▶ [INFORMATION PROVIDED]:
====

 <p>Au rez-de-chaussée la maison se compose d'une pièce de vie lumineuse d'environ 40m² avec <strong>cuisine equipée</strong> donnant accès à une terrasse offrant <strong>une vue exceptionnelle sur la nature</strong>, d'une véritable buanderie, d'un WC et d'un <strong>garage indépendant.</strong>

====

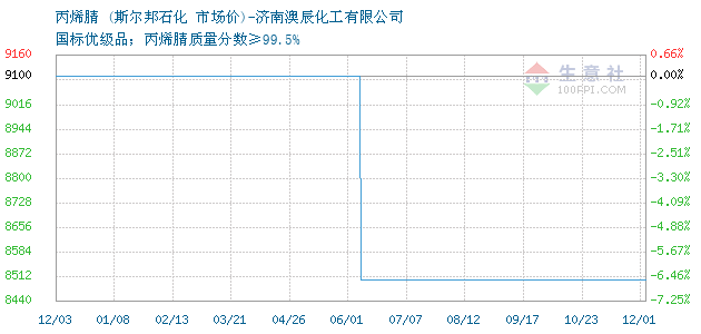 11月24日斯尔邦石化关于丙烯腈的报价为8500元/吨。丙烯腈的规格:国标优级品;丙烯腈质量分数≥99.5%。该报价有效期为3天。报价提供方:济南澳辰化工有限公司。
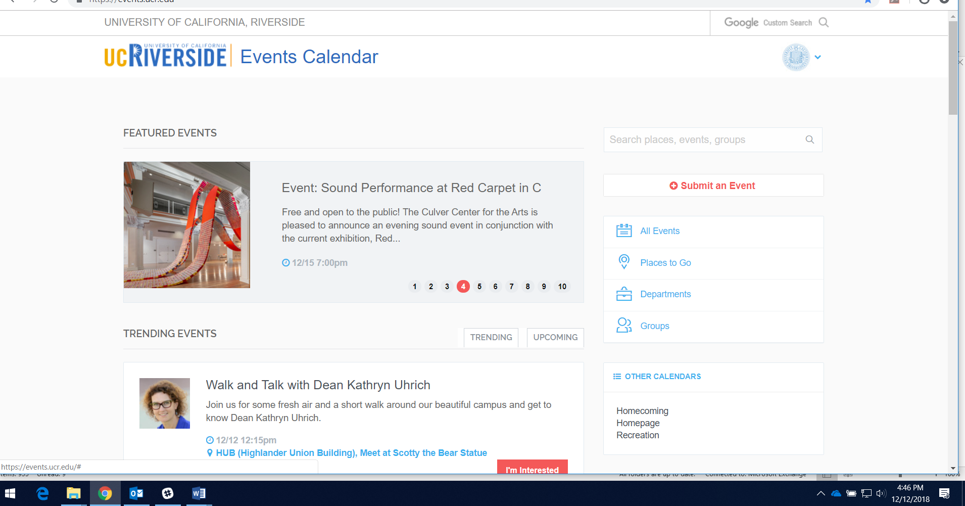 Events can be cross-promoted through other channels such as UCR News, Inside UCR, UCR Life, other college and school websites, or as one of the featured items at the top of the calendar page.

====

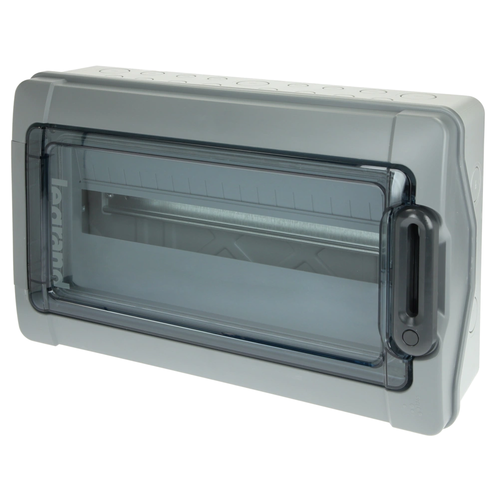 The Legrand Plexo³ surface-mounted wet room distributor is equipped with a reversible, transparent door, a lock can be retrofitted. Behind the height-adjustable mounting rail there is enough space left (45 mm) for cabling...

====

▶ [TASK ITEM]: From the data above, return exactly the lines from the one with "11月24日斯尔邦石化关于丙" up to and including the one with "Events can be". Pictures do not go in the copy.

▶ [ANSWER AREA]:
 11月24日斯尔邦石化关于丙烯腈的报价为8500元/吨。丙烯腈的规格:国标优级品;丙烯腈质量分数≥99.5%。该报价有效期为3天。报价提供方:济南澳辰化工有限公司。
 Events can be cross-promoted through other channels such as UCR News, Inside UCR, UCR Life, other college and school websites, or as one of the featured items at the top of the calendar page.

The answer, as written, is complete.